**Aim of the task**:
Pictures are to be left out. Return exactly the lines below from the one with "Liga Central |" up to and including the one with "中にフィルムが入っています。".

**Data supplied**:
########################################

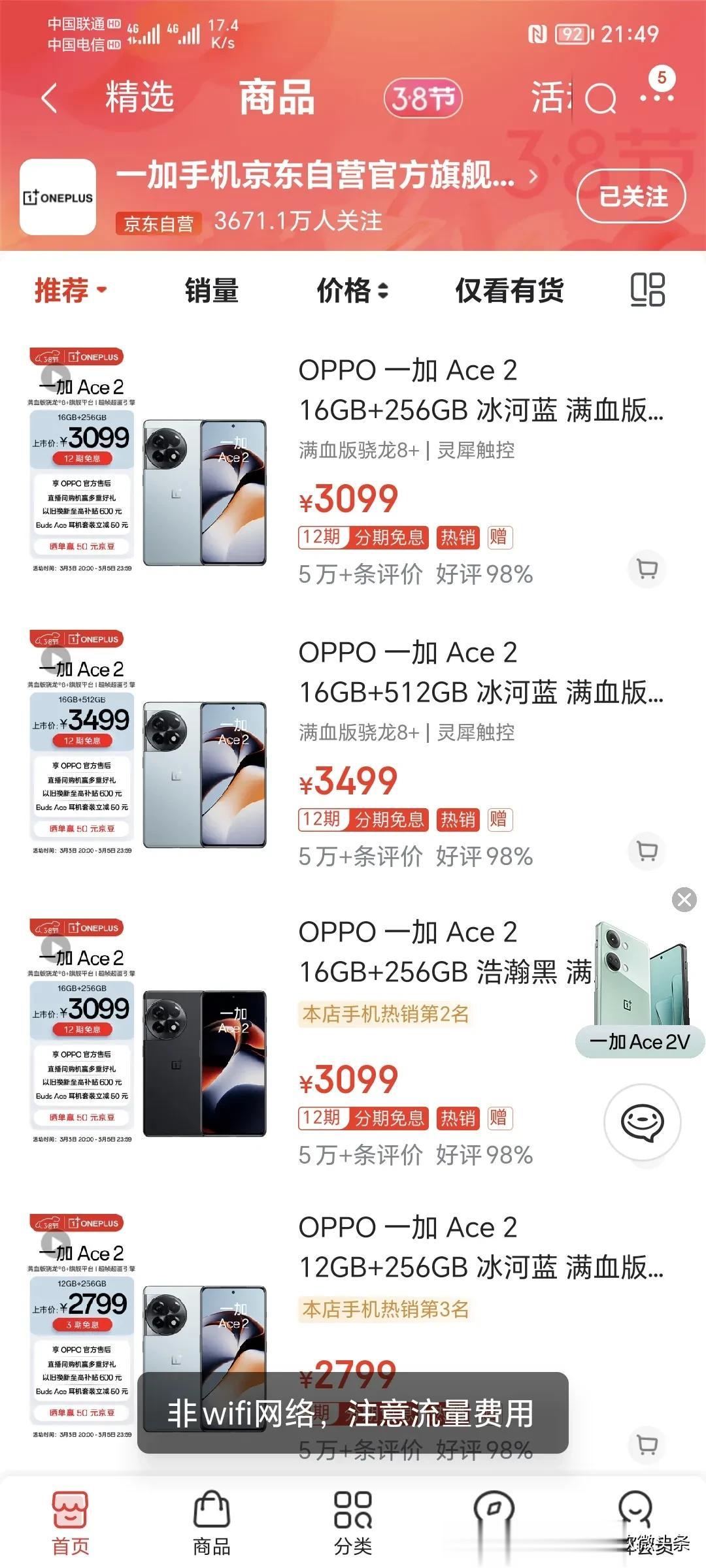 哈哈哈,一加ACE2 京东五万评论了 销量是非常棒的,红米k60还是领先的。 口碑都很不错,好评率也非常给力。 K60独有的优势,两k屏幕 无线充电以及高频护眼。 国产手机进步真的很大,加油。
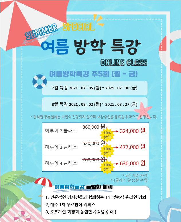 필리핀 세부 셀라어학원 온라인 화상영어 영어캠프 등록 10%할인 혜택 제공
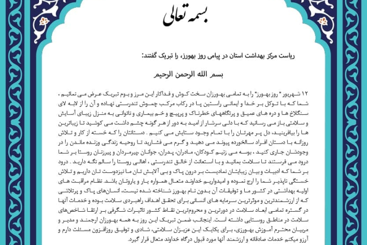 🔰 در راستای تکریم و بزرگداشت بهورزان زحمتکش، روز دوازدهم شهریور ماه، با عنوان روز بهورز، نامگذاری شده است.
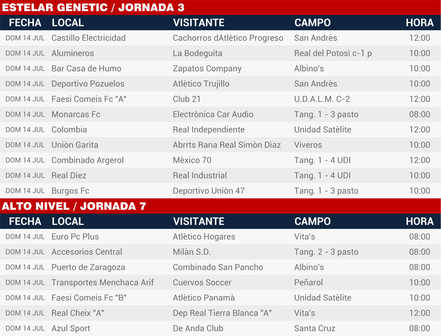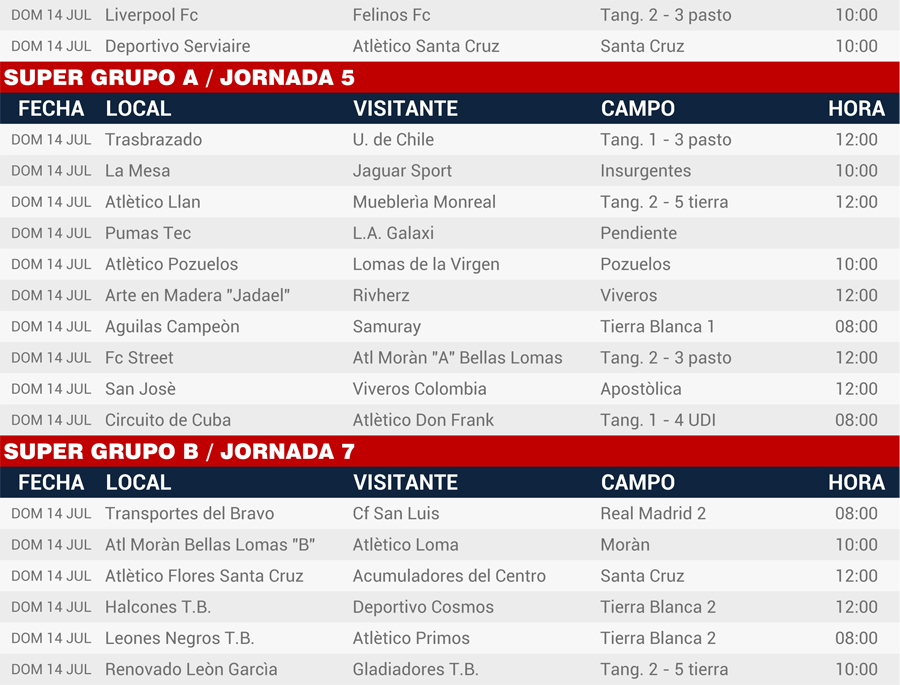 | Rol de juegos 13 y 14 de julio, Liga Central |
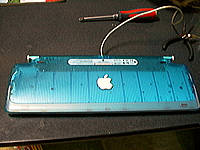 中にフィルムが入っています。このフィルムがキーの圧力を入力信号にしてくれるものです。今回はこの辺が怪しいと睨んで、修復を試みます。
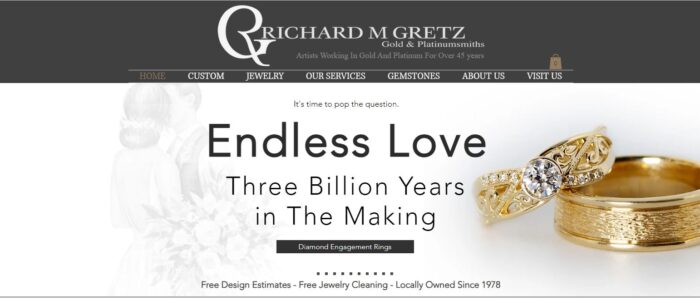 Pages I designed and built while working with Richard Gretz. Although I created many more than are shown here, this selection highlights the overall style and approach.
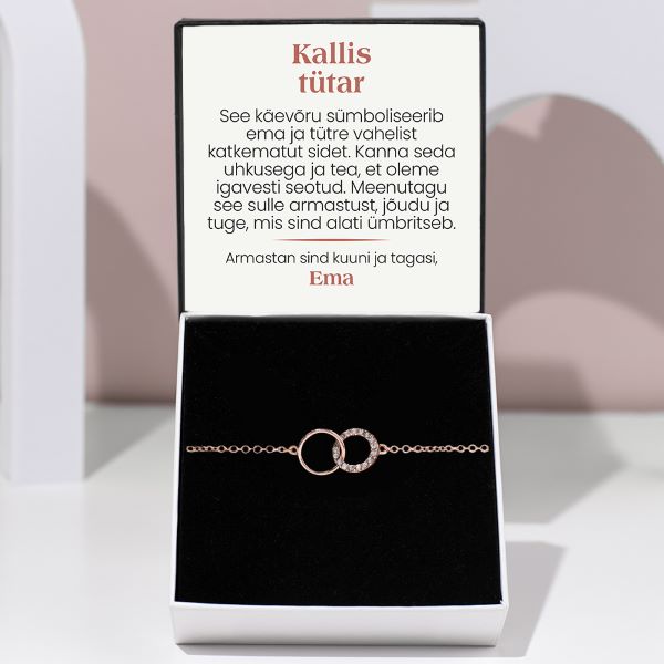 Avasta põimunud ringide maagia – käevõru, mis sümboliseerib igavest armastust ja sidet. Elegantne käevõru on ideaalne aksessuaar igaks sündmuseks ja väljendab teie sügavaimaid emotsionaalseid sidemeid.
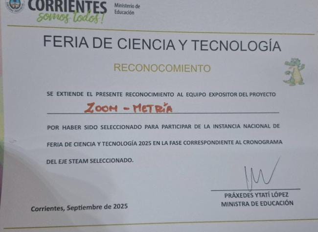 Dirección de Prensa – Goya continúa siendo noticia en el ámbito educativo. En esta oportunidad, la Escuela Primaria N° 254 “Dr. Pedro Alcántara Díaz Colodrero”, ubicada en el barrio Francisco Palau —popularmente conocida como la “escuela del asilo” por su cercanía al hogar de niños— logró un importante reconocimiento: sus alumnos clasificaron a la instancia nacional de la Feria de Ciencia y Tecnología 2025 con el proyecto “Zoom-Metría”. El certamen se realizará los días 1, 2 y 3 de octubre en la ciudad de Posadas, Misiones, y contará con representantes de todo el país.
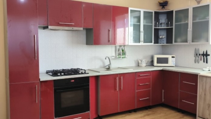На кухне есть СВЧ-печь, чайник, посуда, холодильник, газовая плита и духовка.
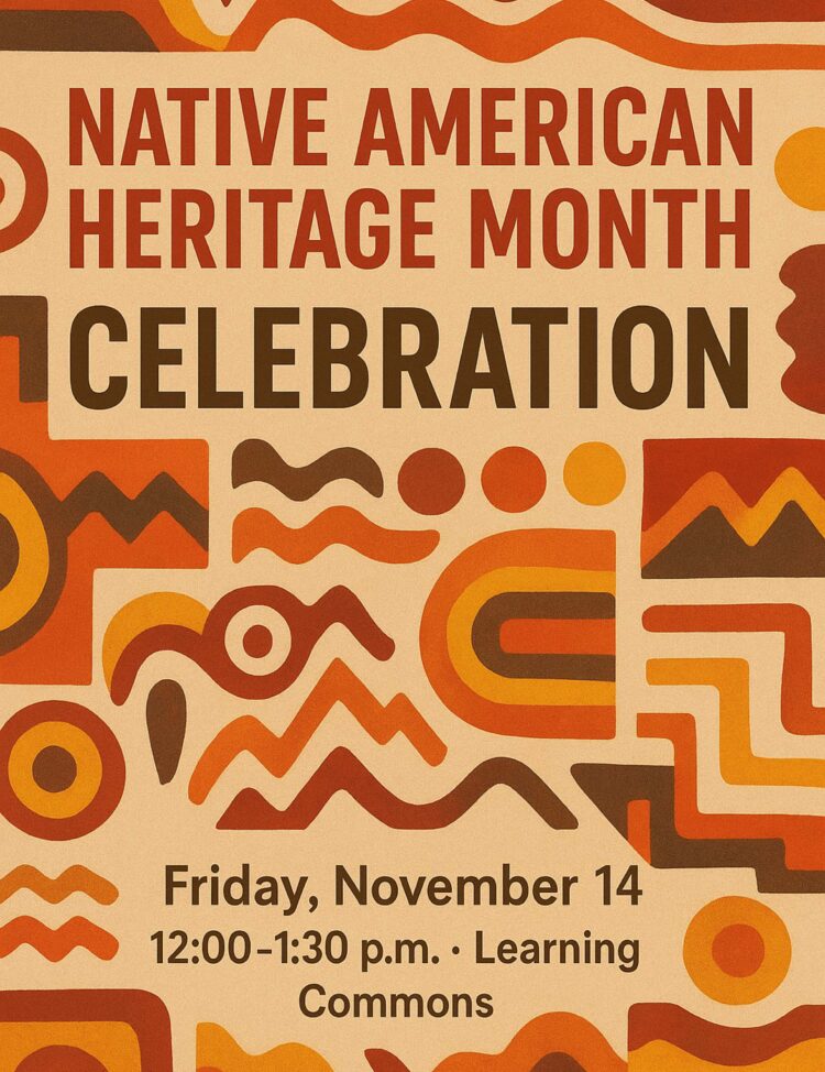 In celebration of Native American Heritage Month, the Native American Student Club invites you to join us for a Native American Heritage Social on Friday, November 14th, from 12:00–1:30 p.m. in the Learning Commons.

########################################

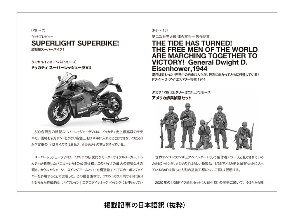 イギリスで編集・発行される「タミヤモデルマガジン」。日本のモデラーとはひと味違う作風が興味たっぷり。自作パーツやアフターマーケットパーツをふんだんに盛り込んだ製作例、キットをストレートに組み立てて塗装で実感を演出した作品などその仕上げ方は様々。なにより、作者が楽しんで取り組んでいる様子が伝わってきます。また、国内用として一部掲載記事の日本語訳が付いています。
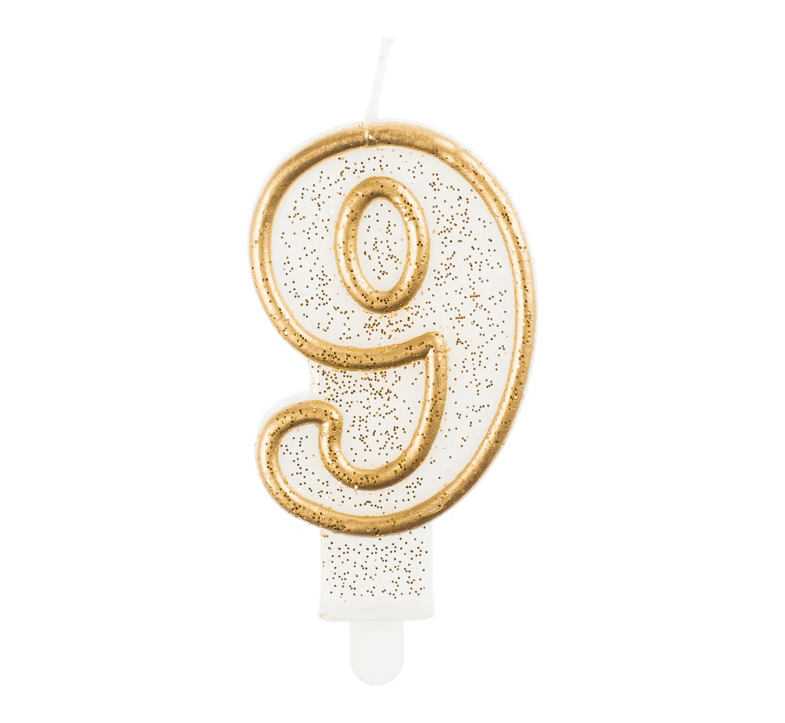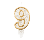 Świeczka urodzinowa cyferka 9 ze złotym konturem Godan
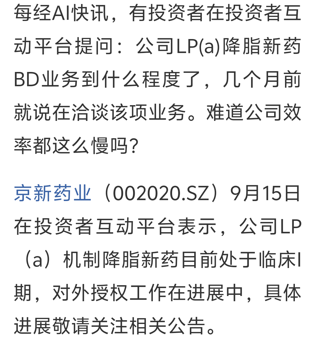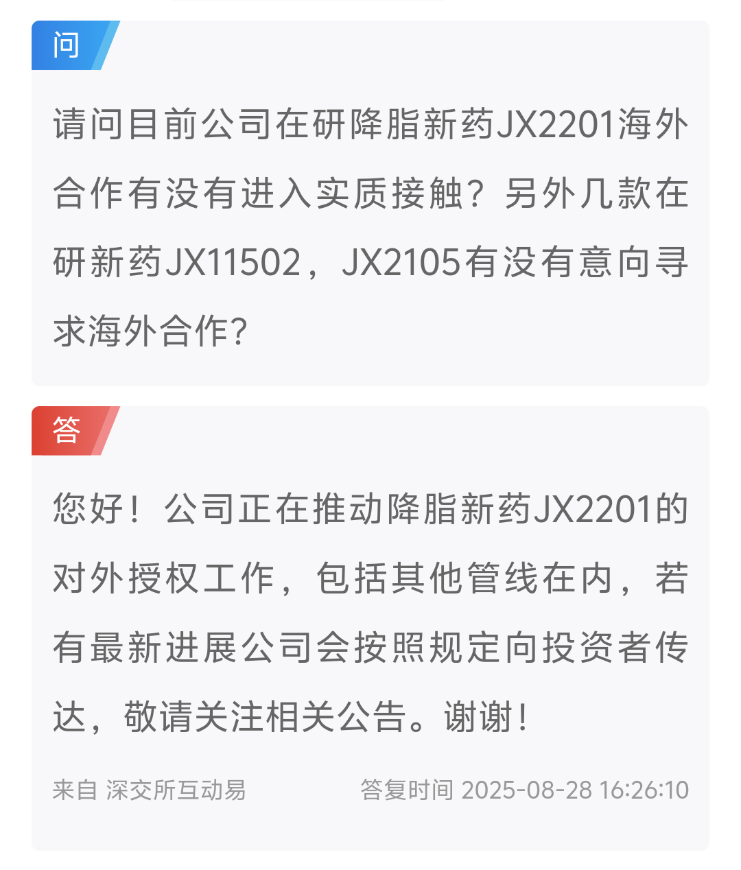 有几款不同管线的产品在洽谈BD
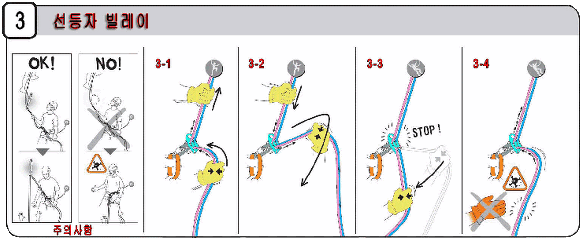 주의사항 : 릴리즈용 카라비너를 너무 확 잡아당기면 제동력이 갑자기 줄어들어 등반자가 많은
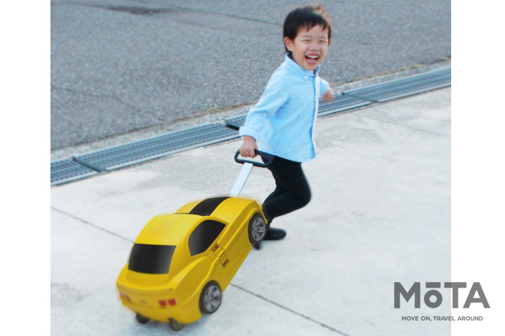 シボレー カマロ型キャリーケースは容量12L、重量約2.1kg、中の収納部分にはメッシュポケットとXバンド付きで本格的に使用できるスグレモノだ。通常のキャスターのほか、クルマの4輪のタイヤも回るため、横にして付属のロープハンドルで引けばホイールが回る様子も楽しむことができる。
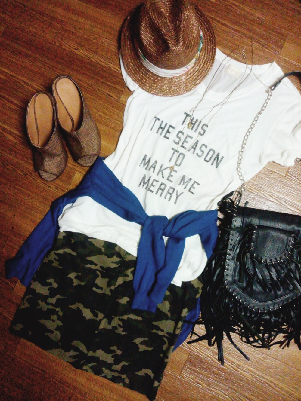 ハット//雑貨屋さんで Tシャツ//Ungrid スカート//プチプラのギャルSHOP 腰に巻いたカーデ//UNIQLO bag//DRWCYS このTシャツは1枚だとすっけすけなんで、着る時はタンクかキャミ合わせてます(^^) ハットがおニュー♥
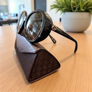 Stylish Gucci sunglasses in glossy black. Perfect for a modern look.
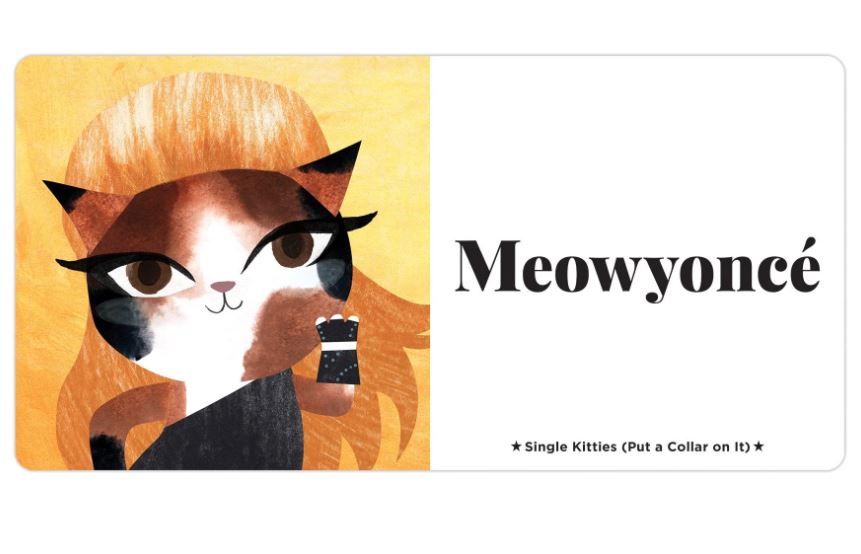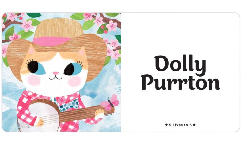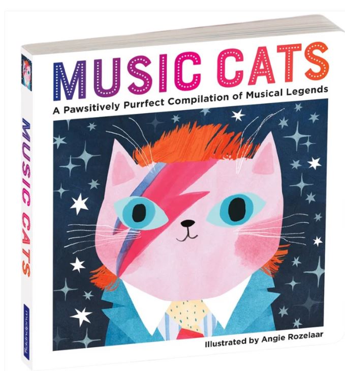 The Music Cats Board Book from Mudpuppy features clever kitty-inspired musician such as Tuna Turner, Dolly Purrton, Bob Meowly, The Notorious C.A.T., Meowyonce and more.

########################################

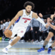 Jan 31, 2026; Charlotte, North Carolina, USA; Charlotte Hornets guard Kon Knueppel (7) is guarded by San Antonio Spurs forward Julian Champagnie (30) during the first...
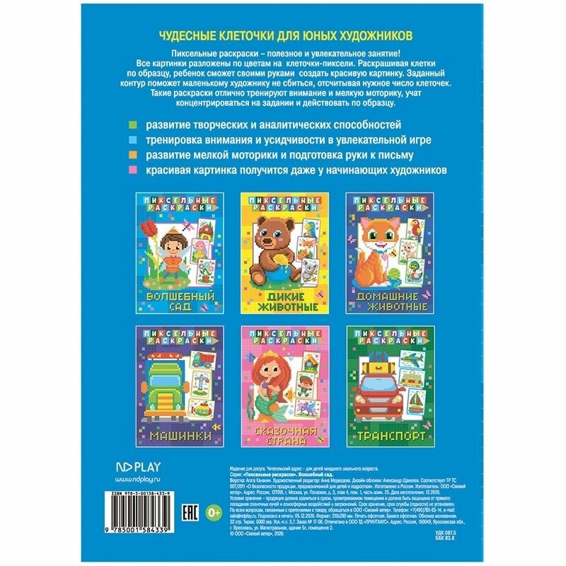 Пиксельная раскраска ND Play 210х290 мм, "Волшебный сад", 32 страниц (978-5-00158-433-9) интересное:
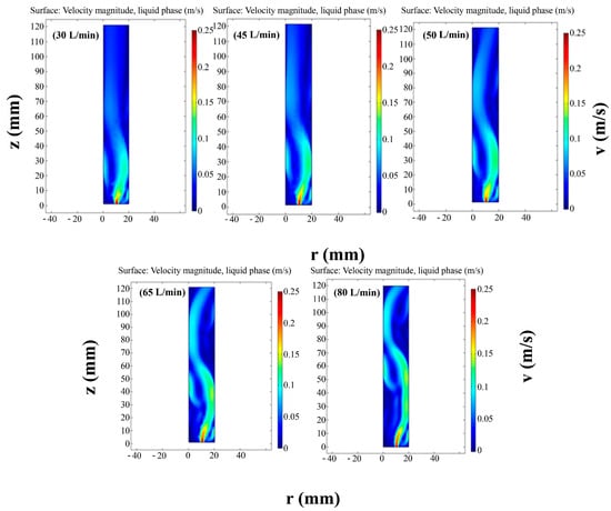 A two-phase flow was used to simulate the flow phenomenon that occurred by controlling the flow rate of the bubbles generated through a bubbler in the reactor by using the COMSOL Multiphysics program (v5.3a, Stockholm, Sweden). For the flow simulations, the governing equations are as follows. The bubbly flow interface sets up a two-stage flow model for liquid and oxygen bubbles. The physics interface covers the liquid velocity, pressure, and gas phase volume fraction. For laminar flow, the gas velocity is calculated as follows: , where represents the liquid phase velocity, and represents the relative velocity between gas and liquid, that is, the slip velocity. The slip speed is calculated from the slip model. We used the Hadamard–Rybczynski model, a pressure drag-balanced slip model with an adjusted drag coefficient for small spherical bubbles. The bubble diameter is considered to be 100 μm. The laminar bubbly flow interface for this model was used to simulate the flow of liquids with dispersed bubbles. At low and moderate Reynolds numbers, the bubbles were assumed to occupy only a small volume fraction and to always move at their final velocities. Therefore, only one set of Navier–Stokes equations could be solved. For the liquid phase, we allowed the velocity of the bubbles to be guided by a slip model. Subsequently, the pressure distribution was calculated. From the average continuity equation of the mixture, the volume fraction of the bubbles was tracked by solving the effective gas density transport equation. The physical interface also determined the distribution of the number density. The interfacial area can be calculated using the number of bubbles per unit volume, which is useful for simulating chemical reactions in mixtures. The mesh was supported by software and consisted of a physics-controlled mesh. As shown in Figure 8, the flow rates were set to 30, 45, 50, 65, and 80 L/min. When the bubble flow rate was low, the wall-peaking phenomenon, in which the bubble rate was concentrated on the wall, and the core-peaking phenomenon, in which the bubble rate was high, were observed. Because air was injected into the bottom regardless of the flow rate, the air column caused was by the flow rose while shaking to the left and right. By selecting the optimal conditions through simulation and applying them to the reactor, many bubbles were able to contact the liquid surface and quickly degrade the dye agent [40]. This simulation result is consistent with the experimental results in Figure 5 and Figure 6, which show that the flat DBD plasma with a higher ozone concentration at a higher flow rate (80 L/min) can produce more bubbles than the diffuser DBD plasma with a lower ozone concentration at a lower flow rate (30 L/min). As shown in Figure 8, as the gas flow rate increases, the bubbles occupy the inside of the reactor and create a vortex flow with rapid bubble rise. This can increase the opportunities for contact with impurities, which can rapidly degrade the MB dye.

########################################

**Response to the task**:
 | Rol de juegos 13 y 14 de julio, Liga Central |
 中にフィルムが入っています。このフィルムがキーの圧力を入力信号にしてくれるものです。今回はこの辺が怪しいと睨んで、修復を試みます。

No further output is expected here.